Question

I'm actually trying to create a RDFS model and wondering if there's a way to declare a class to have a single instance.

The scheme designed is for a kind of graph and I want to design a single node as "root". Should I use a sub-class or a property ? I know OWL offers more semantic vocabulary but I intend on staying "basic".

Was it helpful?

Solution

No, you can't do that in RDFS. I'm also not sure whether it would be a useful thing to do.
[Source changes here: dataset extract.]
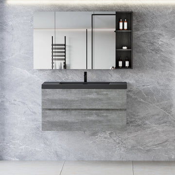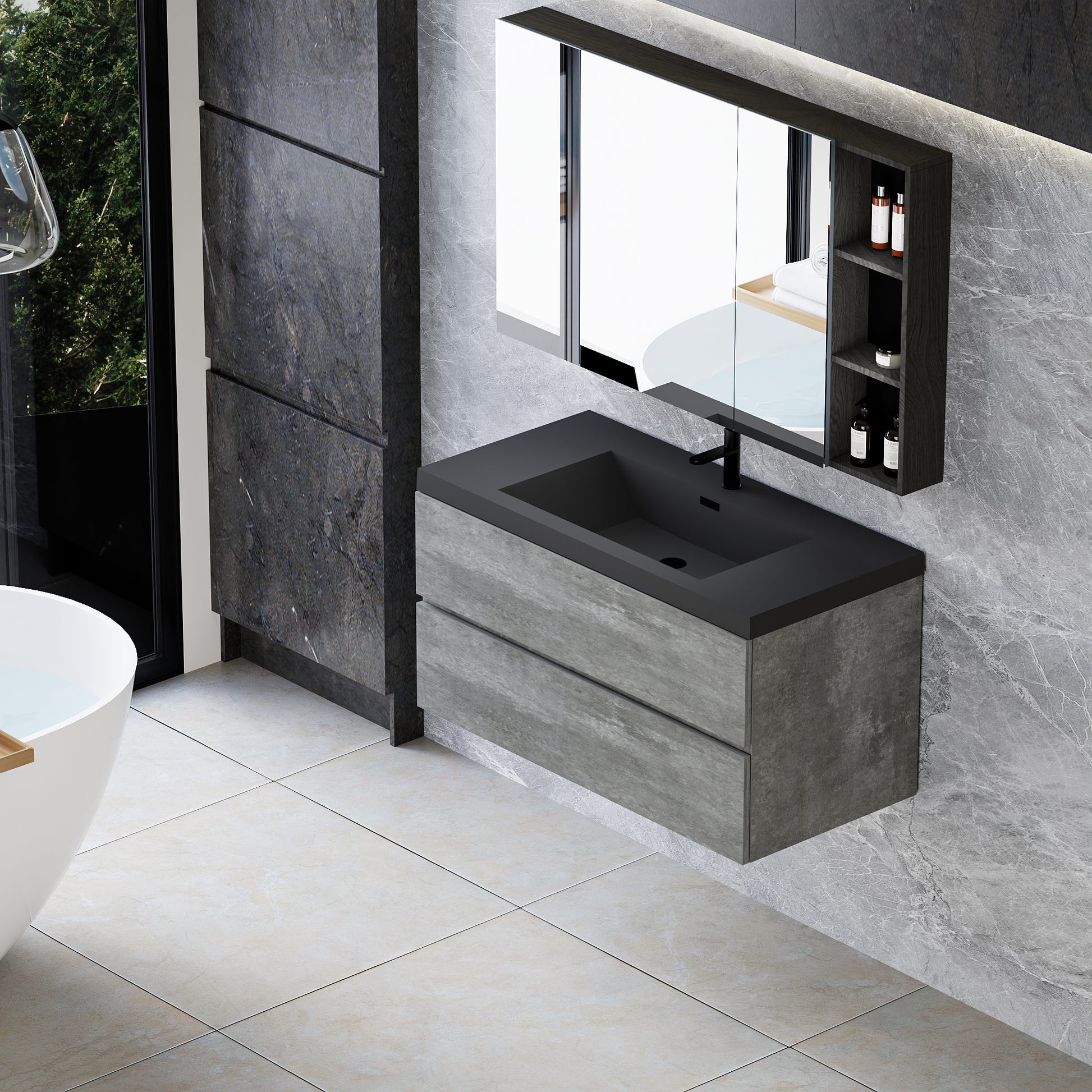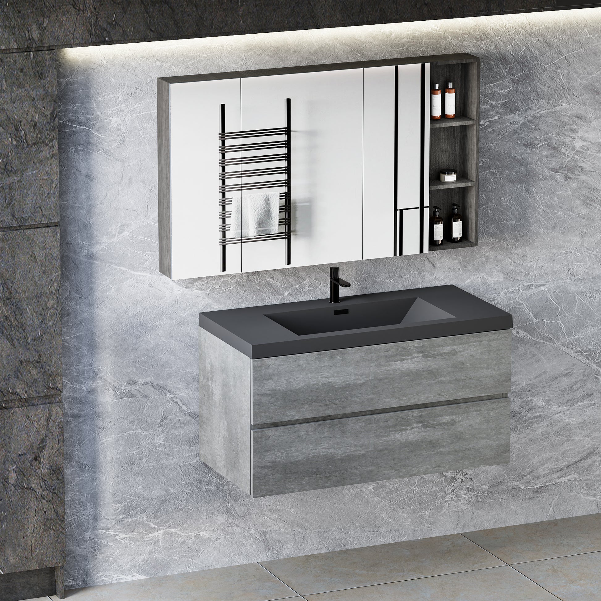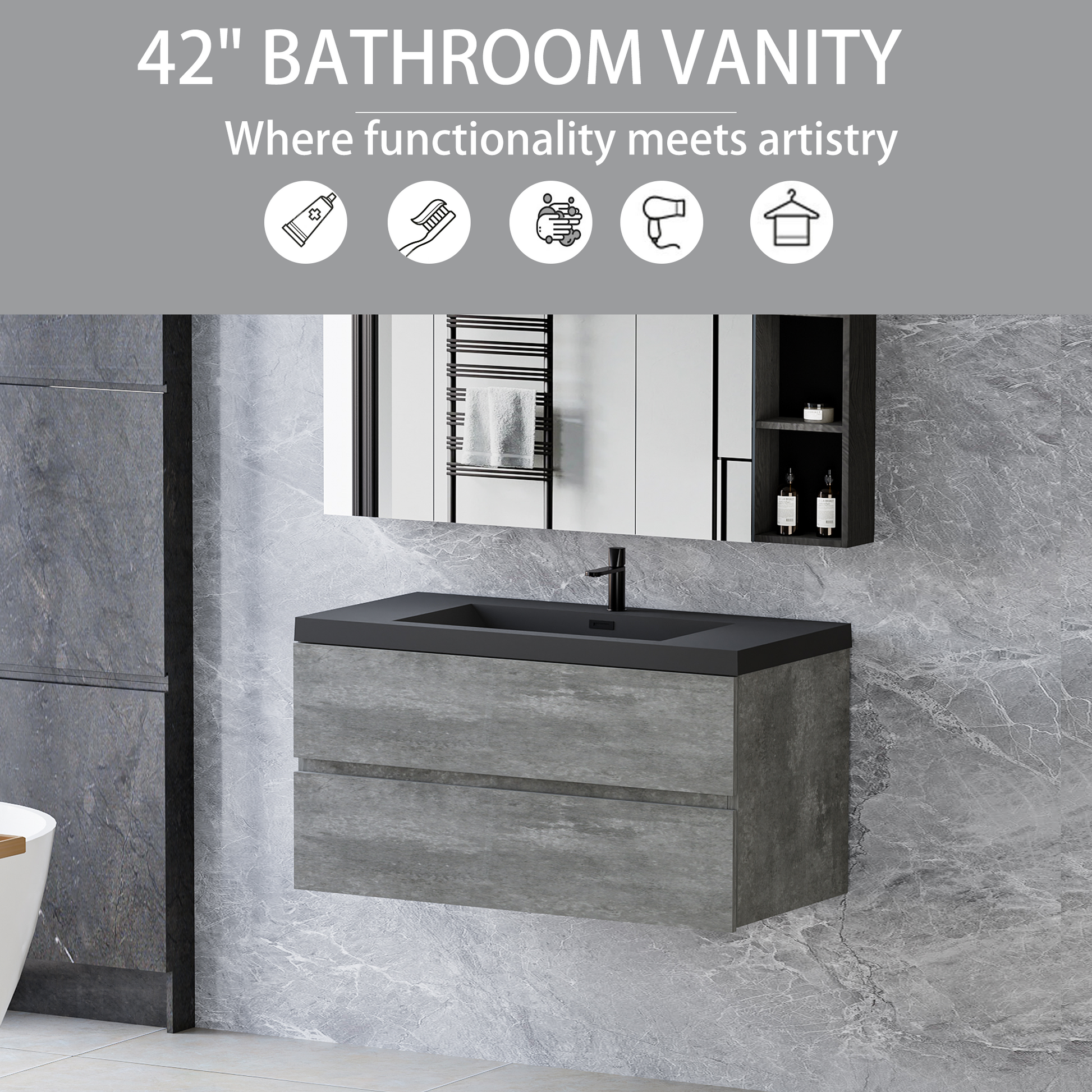 42" Floating Bathroom Vanity With Sink, Modern Wall Mounted Bathroom Storage Vanity Cabinet With Black Quartz Sand Top Basin And Soft Close Drawers, Grey 24V12 42Gr Grey Melamine
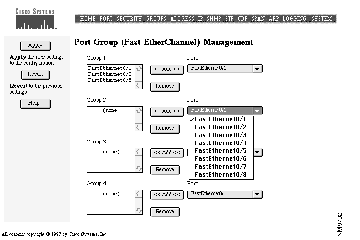 Use the Port Group Management page (see Figure 4-6) to create Fast EtherChannel port groups that act as single logical ports for high-bandwidth connections between switches or switches and servers.

Just define your class and declare the single resource as having that class as its type. What's the benefit of asserting that there can be no other resources having that type?

OTHER TIPS

My impression, reading your "use case", is that you'd rather like a functional property :hasRoot, such that a thing can only have one root. As cygri said, this cannot be done in pure RDFS but a simple fragment of OWL is sufficient:

:hasRoot  a  owl:FunctionalProperty .

Then, for a given entity x, there can only be a single entity y such that the relationship x :hasRoot y holds. Then, if you have the following data:

:x  :hasRoot  :y .
:x  :hasRoot  :z .

you can conclude that:

:y  owl:sameAs  :z .

Yet, in most of the cases, this kind of reasoning is not needed and what cygri suggests is sufficient and simpler, as long as your application ensures that a single root is ever defined.